金融引き締めを進める日銀の植田総裁(夕刊フジ)

大胆な金融緩和から大胆なイリュージョン(奇術)へ。こうでも形容したいのが、植田和男総裁の日本銀行である。黒田東彦(はるひこ)総裁より前の日銀では、この種の「奇術」が日常的に行われていた。コロナ禍明けで日常が帰ってきたのと同時に、昔の日銀が戻ってきた。

白川方明(まさあき)総裁時代は、デフレ不況が深刻だった。だが、白川日銀は、常に金融緩和をやりすぎて物価が高騰することを警戒していた。当時の日銀が想定していた完全失業率は3・5%ぐらいで、それを下回るとインフレが加速すると政治家や日銀子飼いのマスコミに宣伝していた。

その後、アベノミクスが始まり、失業率は2%台前半まで改善したが、デフレ脱却が見えるかぐらいの物価上昇が起きただけだった。白川日銀は、「見えないインフレ」と本当に闘っていたのである。

この「見えないインフレ」との闘いは、日銀の文化でもある。さらに前の福井俊彦総裁の時代でも、やはり「見えないインフレ」を警戒して早すぎる金融引き締めへの転換を行った。賃金や物価が十分に上がらないのは、経済のグローバル化など構造的要因のせいであり、当時の1%に満たない物価水準でも「見えないインフレ」で危険な状態だと、真剣に福井日銀は考えていた。その結果、早すぎる金融引き締めによって、日本はリーマン・ショックで欧米よりも深刻なダメージを負った。

このような「見えないインフレ」を強調しての金融引き締めスタンスが、日本経済を停滞させてきた「奇術」の核心である。

植田日銀もまたこの「見えないインフレ」との闘いを意識している点では、福井・白川日銀と同様、いやそれ以上である。植田日銀の「奇術」は、日銀内部から見ると、急いでやる必要があるようだ。なぜなら黒田日銀の大胆な金融緩和と、コロナ禍、ウクライナ戦争で、物価がかなり高くなっているからだ。

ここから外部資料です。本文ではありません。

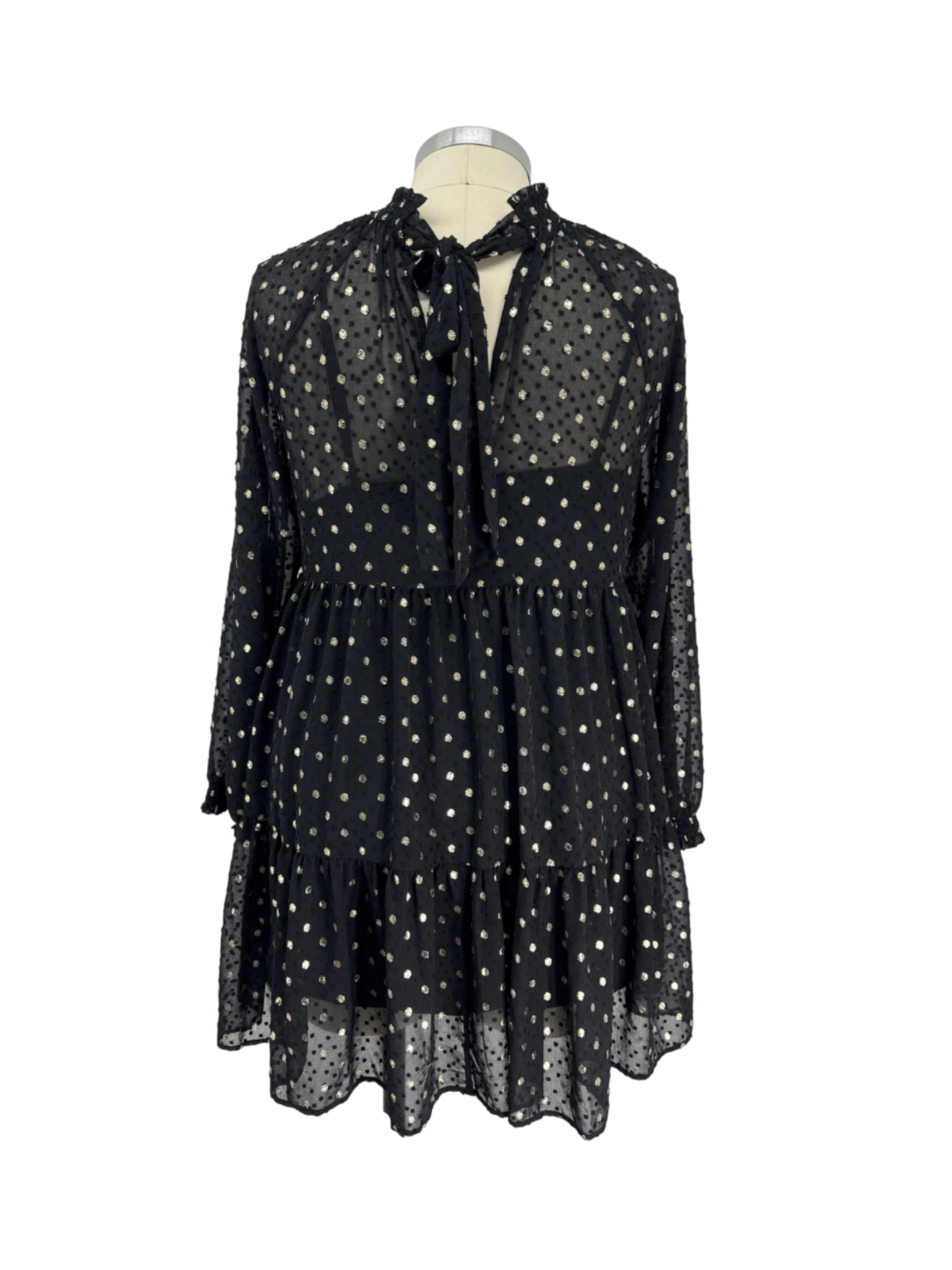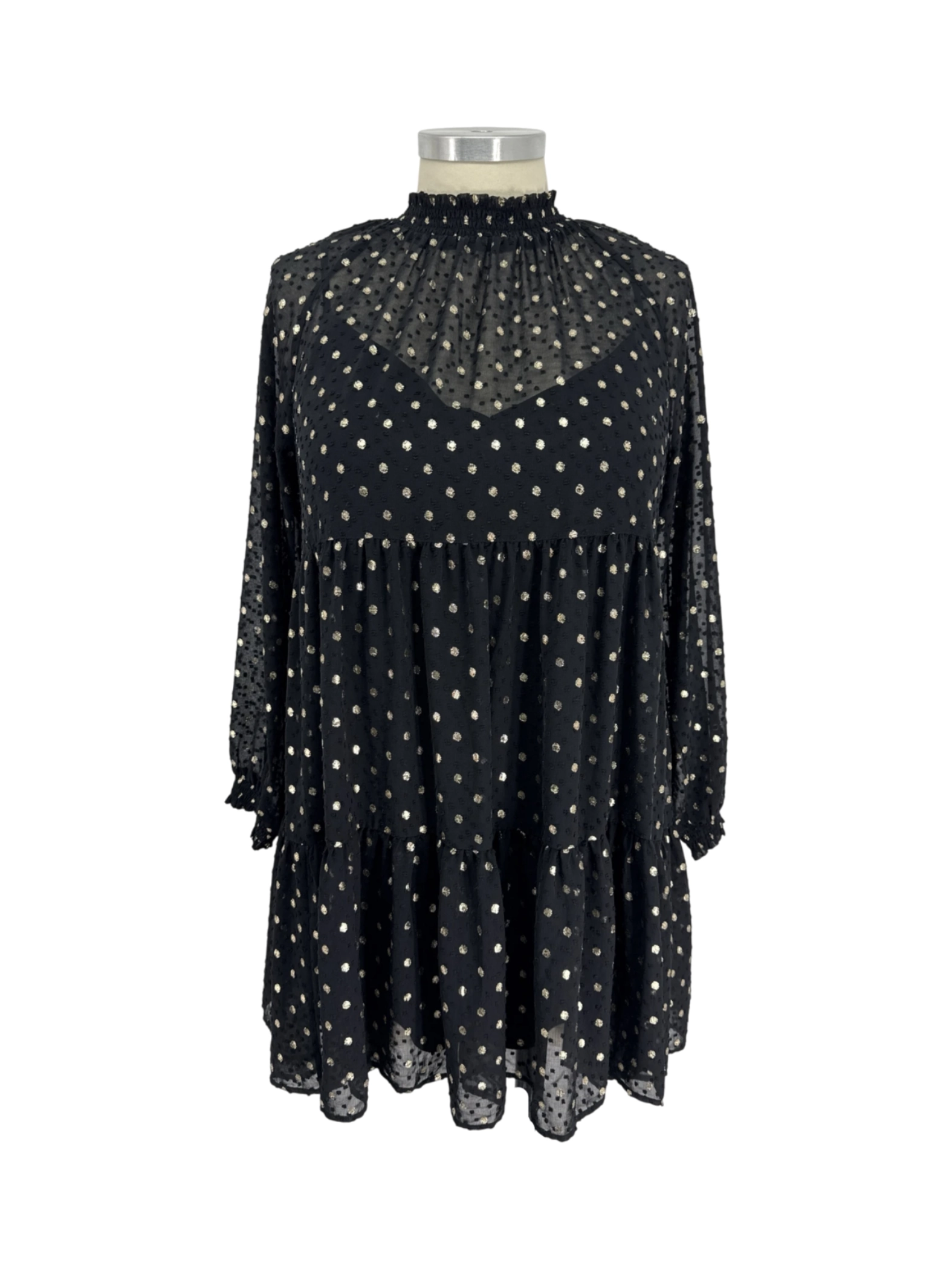 Elevate your wardrobe with this pre-owned ON•34TH dress. This stylish A-line dress features a flattering silhouette and is adorned with a playful dot pattern on a black base. Crafted from recycled polyester, the dress offers a comfortable and sustainable choice. The long sleeves and classic neckline make it perfect for cooler seasons. This versatile dress is ideal for a casual outing or a dressed-up occasion, offering both comfort and style.
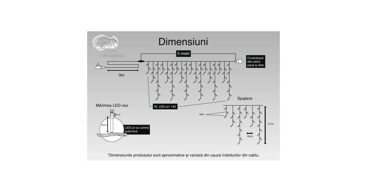 Instalatie Craciun Turturi, IP44, 5 m, 143 Led-uri ,Perdea Franjurata, Albastru, 8 jocuri de lumini, Transformator 31 V, Putere 9 W, Interconectabila, Interior/Exterior, Prelungitor 3 m inclu Descriere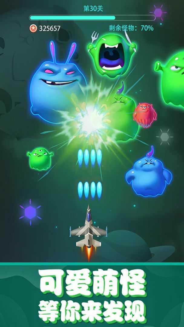 滑动控制飞机移动,射击清除来袭怪物,解锁升级强力武器,尽情享受火力爆发的乐趣!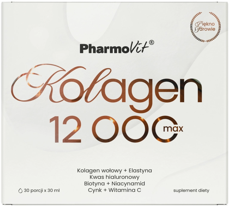 Pharmovit Kolagen 12000 Max suplement diety w formie płynu doustnego o smaku owoców tropikalnych. Polecany do stosowania dla osób dorosłych.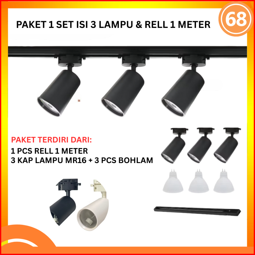 Paket Lampu Sorot Rel 1 Set Isi 3 Spotlight Rell Track Light E27 Mr16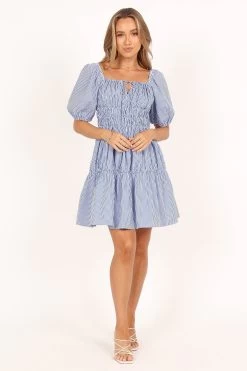 | DETAILS This mini length dress is such a fun addition to your summer wardrobe! With its blue stripe print, you’re sure to turn heads and get lots of compliments. The classic square neckline features a tie close, while the short sleeves have elasticised cuffs for comfort.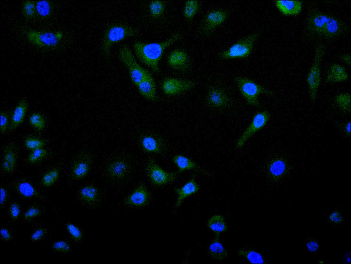 Immunofluorescence staining of Hela cell with CSB-RA555528A0HU at 1:50, counter-stained with DAPI. The cells were fixed in 4% formaldehyde, permeabilized using 0.2% Triton X-100 and blocked in 10% normal Goat Serum. The cells were then incubated with the antibody overnight at 4°C. The secondary antibody was Alexa Fluor 488-congugated AffiniPure Goat Anti-Rabbit IgG(H+L).
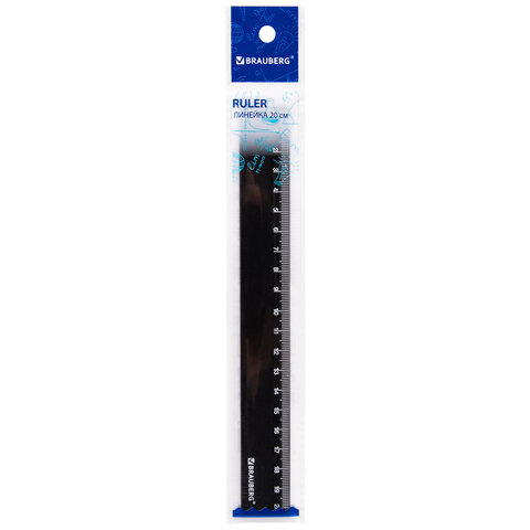 Линейка пластиковая 20 см, BRAUBERG, черная, пакет, 210775

もちろんこの物価の中身を見れば、多くはコストプッシュによるものであり、賃金上昇などの需要要因は弱い。

だが、最近の植田日銀の国債購入の減額方針などをみると、「見えないインフレ」への警戒感は相当なものである。清水季子(ときこ)前日銀理事が海外メディアとのインタビューで「植田総裁はインフレ見通しに確信を抱いている」と発言した。だが、実際にはサービス価格がわずかに上向いただけである。今後、減税効果で多少は内需が増加するが、それが「賃金と物価の好循環」をもたらす可能性は低い。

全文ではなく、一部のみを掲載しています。